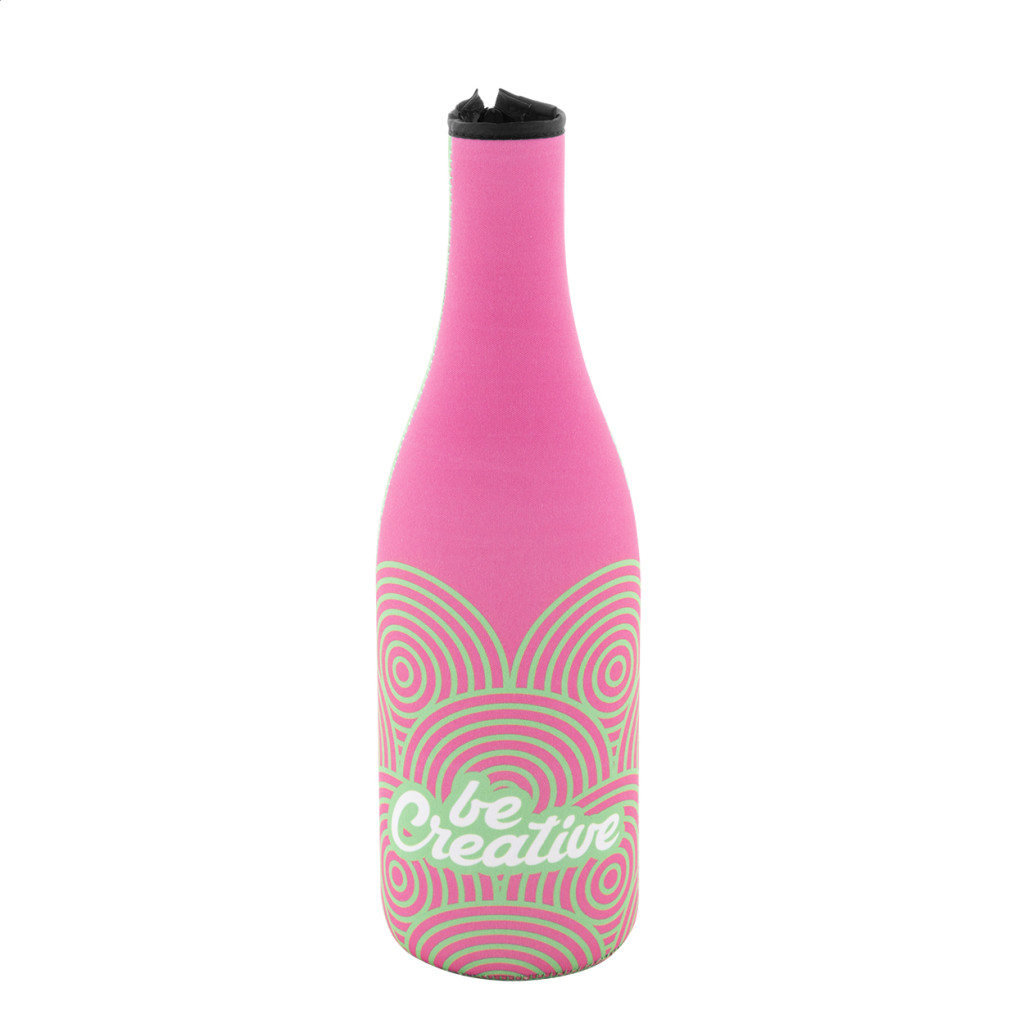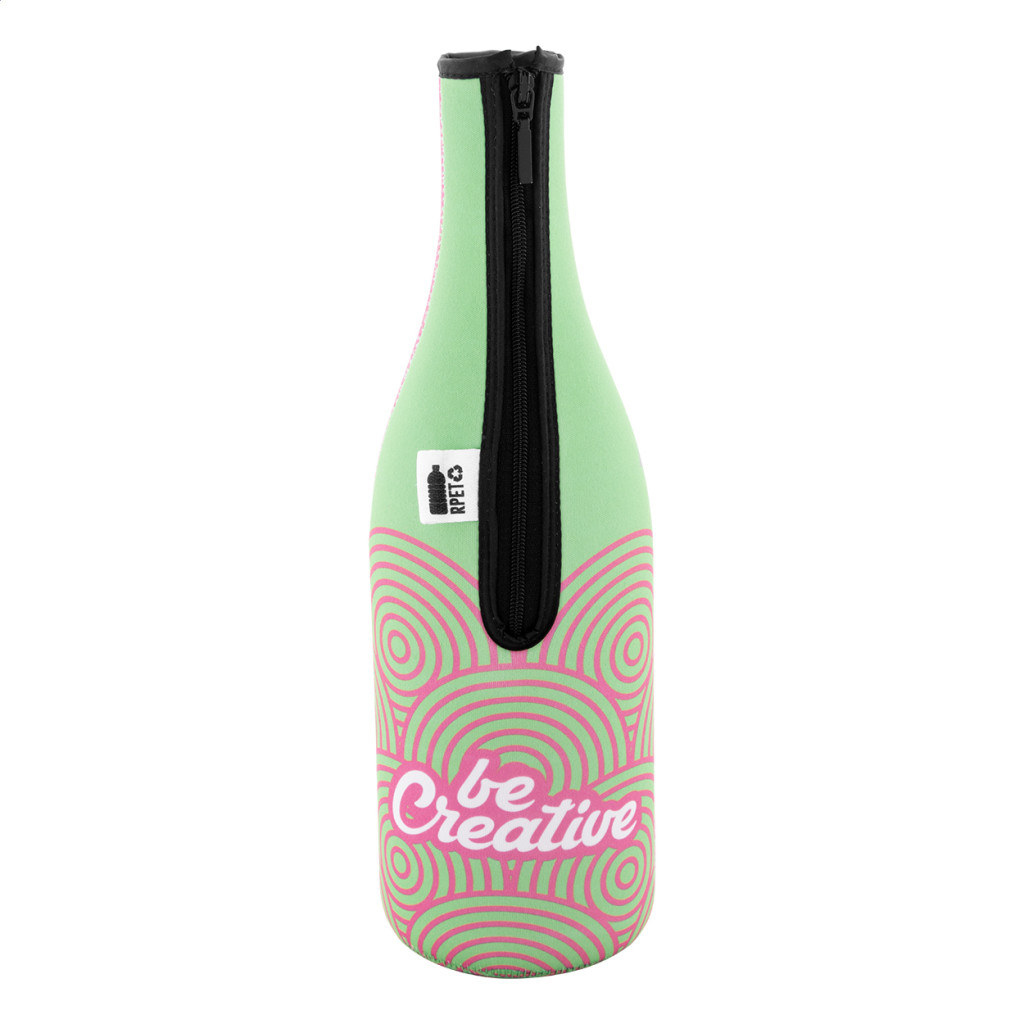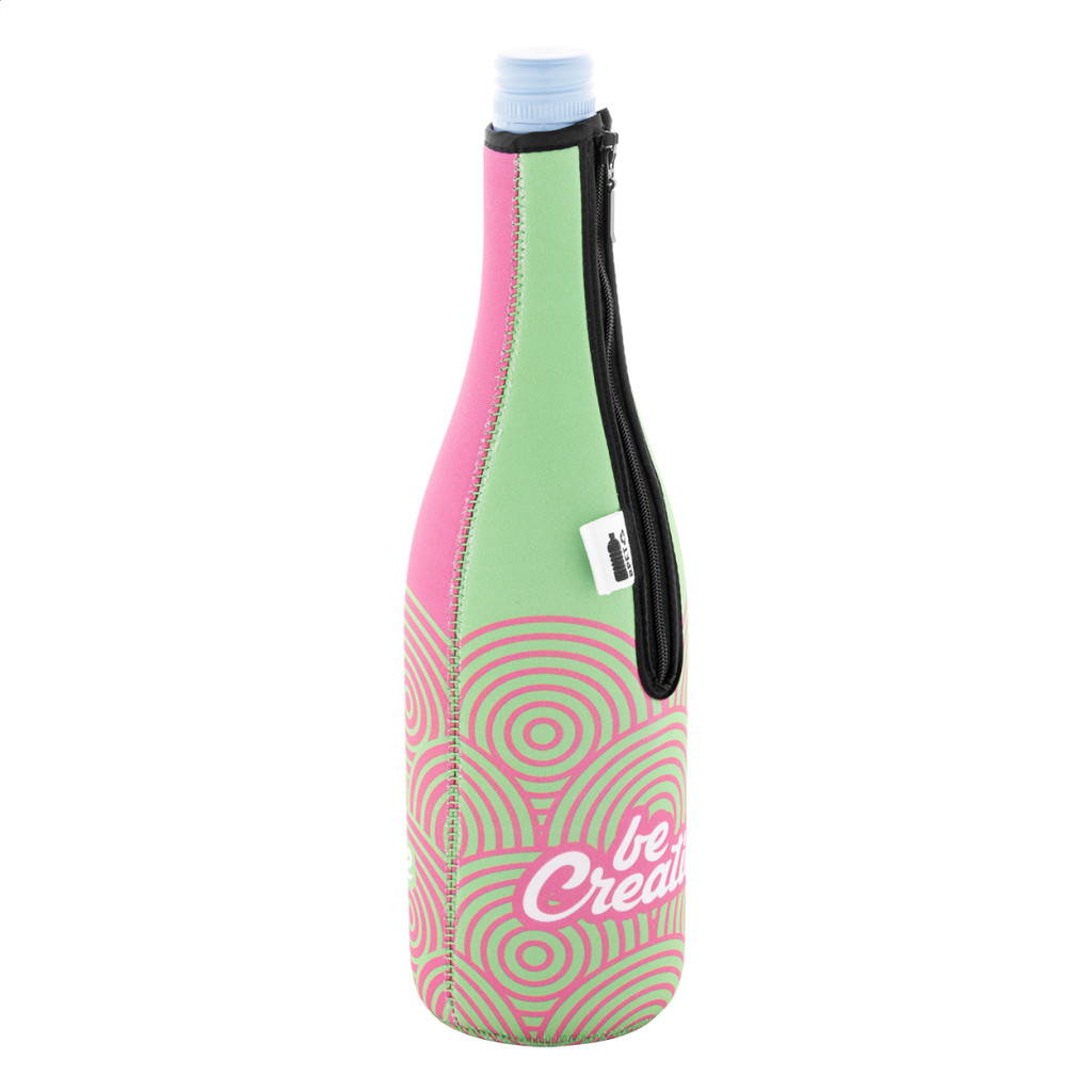 Egyedi gyártású, cipzáras RPET neoprén hűtő borítás boros- vagy pezsgősüveghez. Teljes felületén szublimációs nyomtatott grafikával. Minimális rendelési mennyiség: 25 db.
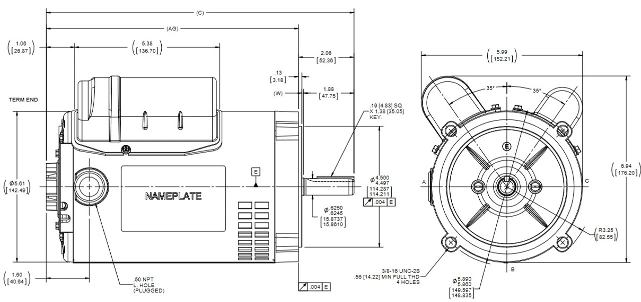 - NEMA 56C Rolled Steel frame, C-face, Keyed Shaft 5/8″ Diameter x 1 7/8″
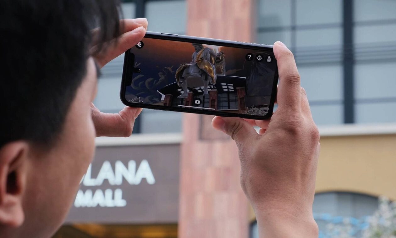 Μέσω γυαλιών, εικονικής πραγματικότητας και μίας πολυμεσικής εφαρμογής για κινητά τηλέφωνα, οι επισκέπτες της έκθεσης θα μπορούν να παρακολουθήσουν, εκτός των άλλων, τον Δία να αστράφτει στον θρόνο του πάνω από την πύλη εισόδου του δημοφιλούς πολυχώρου, τον φτερωτό Πήγασο να πετάει στα ουράνια πάνω από το συγκρότημα κινηματογραφικών αιθουσών και τον Διόνυσο να κερνάει ελληνικό κρασί στους επισκέπτες των καταστημάτων εστίασης.
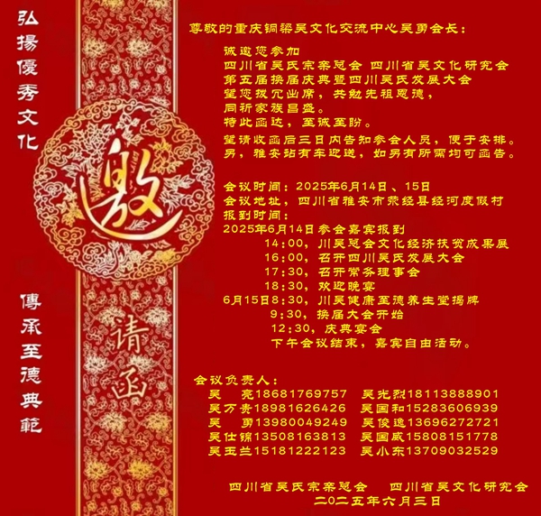 四川省吴氏宗亲总会并吴天智会长:

= = =

Repeat the listing in full and exactly. Do not include any images.

TASK OUTPUT
 Egyedi gyártású, cipzáras RPET neoprén hűtő borítás boros- vagy pezsgősüveghez. Teljes felületén szublimációs nyomtatott grafikával. Minimális rendelési mennyiség: 25 db.
 - NEMA 56C Rolled Steel frame, C-face, Keyed Shaft 5/8″ Diameter x 1 7/8″
 Μέσω γυαλιών, εικονικής πραγματικότητας και μίας πολυμεσικής εφαρμογής για κινητά τηλέφωνα, οι επισκέπτες της έκθεσης θα μπορούν να παρακολουθήσουν, εκτός των άλλων, τον Δία να αστράφτει στον θρόνο του πάνω από την πύλη εισόδου του δημοφιλούς πολυχώρου, τον φτερωτό Πήγασο να πετάει στα ουράνια πάνω από το συγκρότημα κινηματογραφικών αιθουσών και τον Διόνυσο να κερνάει ελληνικό κρασί στους επισκέπτες των καταστημάτων εστίασης.
 四川省吴氏宗亲总会并吴天智会长:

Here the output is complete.